8.4        Earning of Performance Units and Performance Shares.   After the applicable Performance Period has ended, the Participant shall be entitled to receive a payout of the number of Performance Units or Shares earned during the Performance Period, depending upon the extent to which the applicable performance objectives have been achieved. After the grant of a Performance Unit or Share, the Committee, in its sole discretion, may reduce or waive any performance objectives for Award.

8.5        Form and Timing of Payment.   Payment of earned Performance Units or Performance Shares shall be made as soon as practicable after the expiration of the applicable Performance Period. The Committee, in its sole discretion, may pay such earned Awards in cash, Shares or a combination thereof.

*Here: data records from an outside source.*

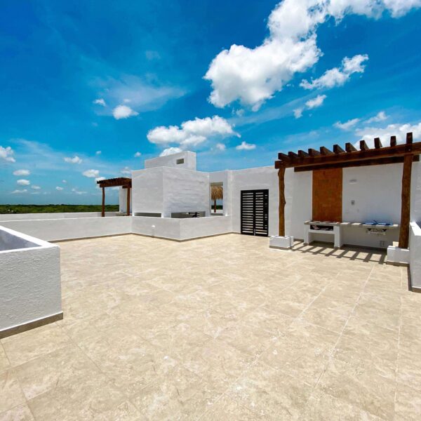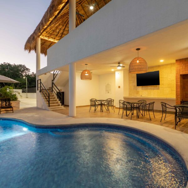 Exclusivity and proximity to the lush jungle of the Riviera Maya in a private residential area with only 30 apartments and over 10 exclusive amenities such as a pool, clubhouse, gym, and security booth.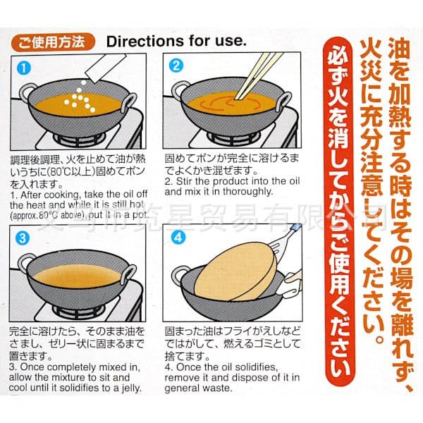 ✅ 一秒固化,輕鬆處理:一包倒入,熱油迅速凝固成固態果凍,用鍋鏟就能輕鬆剷起,當作一般可燃垃圾丟棄。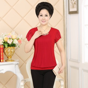 2015年中老年女裝T恤大碼媽媽裝褶皺夏裝短袖中年雪紡 /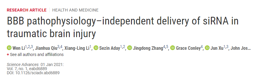 最近布莱根妇女医院与波士顿儿童医院的研究人员在《Science Advances》上发表了题目为“BBB pathophysiology–independent delivery of siRNA in traumatic brain injury”的论文,就解决了治疗剂通过血脑屏障(BBB)进入大脑时面临的挑战,促进了治疗药物成功输送到大脑!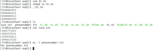 8、在第7题产生的1000个电话号码中抽取5位幸运号码,并显示,要求只显示前3三位数字和后4位数字,中间四位用*代替。N2=$[ $RANDOM%10]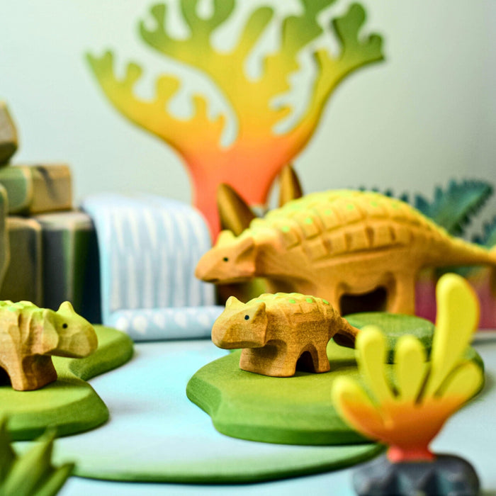 BumbuToys Wooden Dinosaurs - Ankylosaurus - Set of 2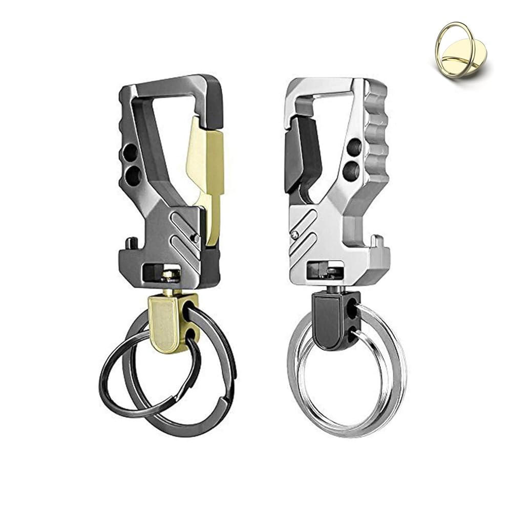 キーリング キーホルダー 亜鉛合金製 カラビナ付き 鍵収納 車 バイク メンズ おしゃれ ボトルオープナー機能付き 2個 スマホリング ホルダー 1個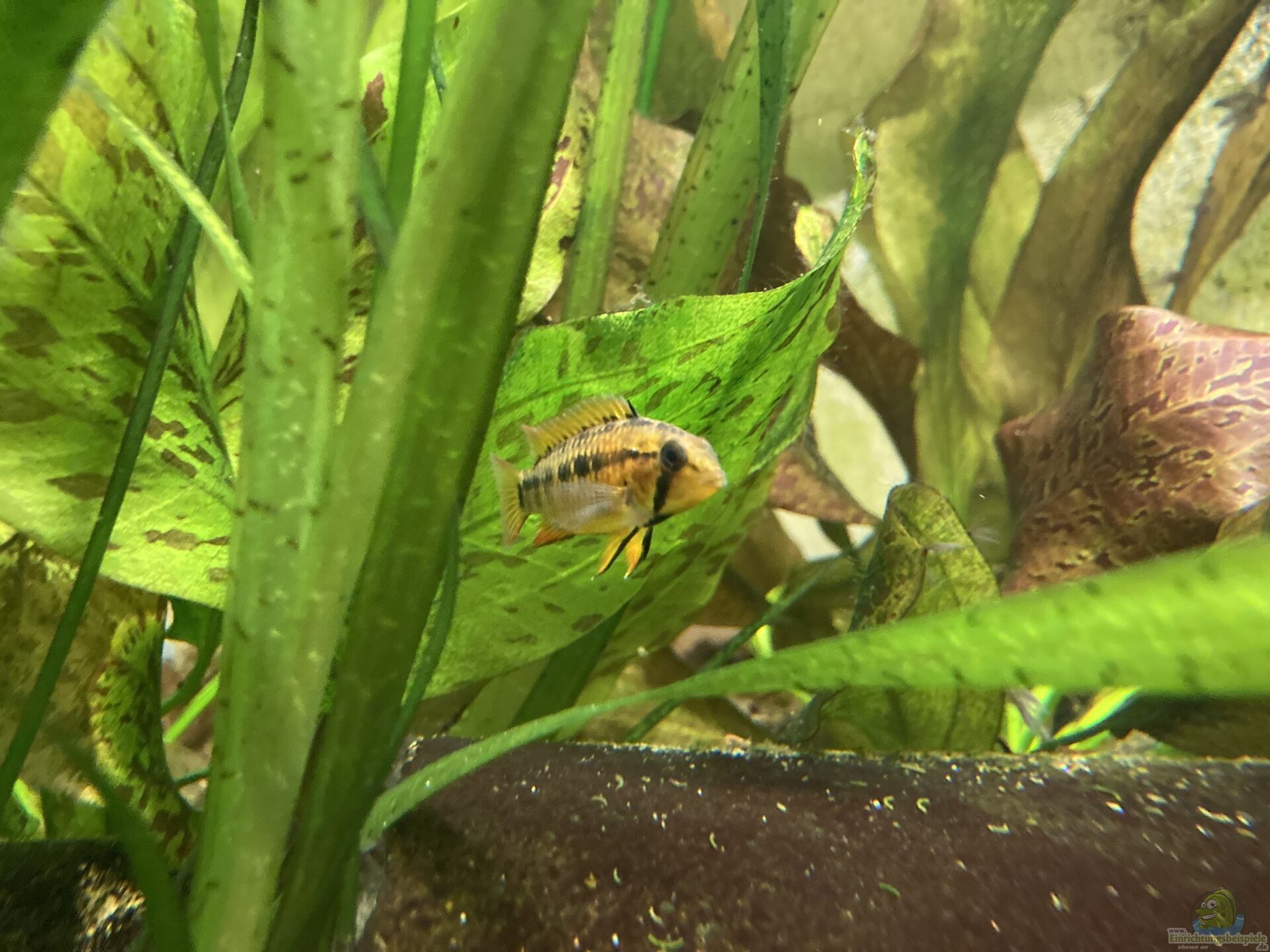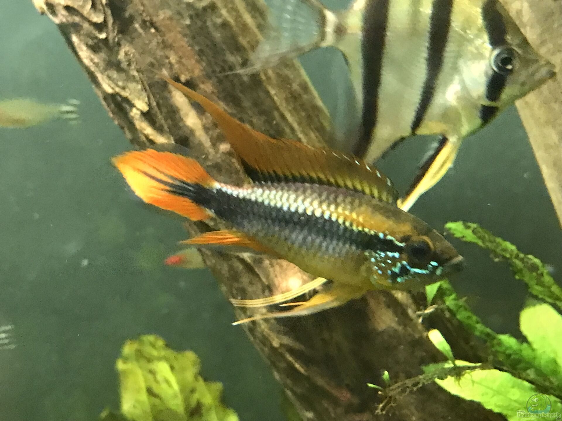 Diese Oberflächenfische halten sich ausschließlich im oberen Bereich des Aquariums auf und haben daher kaum Berührungspunkte mit den Zwergbuntbarschen. - Kleine Harnischwelse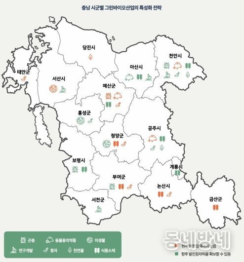 특히 “▲곤충은 천안·예산·부여, ▲동물용의약품은 천안·예산·공주, ▲미생물은 서산·홍성·청양, ▲식품소재는 논산·금산·부여·청양, ▲연구개발은 천안·서천, ▲종자는 예산·부여·청양·논산, ▲천연물은 당진·예산 등에서 권역별 특성화 전략을 펼쳐야 할 것”이라고 말했다.

8.6        Cancellation.   On the date set forth in the Award Agreement, all unearned or unvested Performance Units or Performance Shares shall be forfeited to the Company, and again shall be available for grant under the Plan.

SECTION 9
NON-EMPLOYEE DIRECTORS

9.1        Non-Employee Director Options.   Subject to the terms and provisions of the Plan, Non-qualified Stock Options may be issued to Non-employee Directors at any time and from time to time, as determined by the Board in its sole discretion, including the number of Shares subject to each Option, and the terms and conditions of such Awards.

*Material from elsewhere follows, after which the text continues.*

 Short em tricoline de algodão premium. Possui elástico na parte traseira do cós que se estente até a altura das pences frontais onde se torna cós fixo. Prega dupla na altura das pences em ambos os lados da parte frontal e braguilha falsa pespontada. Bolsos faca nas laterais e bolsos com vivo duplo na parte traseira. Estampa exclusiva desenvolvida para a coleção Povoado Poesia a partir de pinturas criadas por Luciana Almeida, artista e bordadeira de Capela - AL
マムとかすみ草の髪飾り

9.2        Terms of Options.

9.2.1    Option Agreement.   Each Option granted pursuant to this Section 9 shall be evidenced by a written stock option agreement, which shall be executed by the Non-employee Director and the Company.

9.2.2    Exercise Price.   The Exercise Price for the Shares subject to each Option granted pursuant to this Section 9 shall be one hundred percent (100%) of the Fair Market Value of such Shares on the Grant Date.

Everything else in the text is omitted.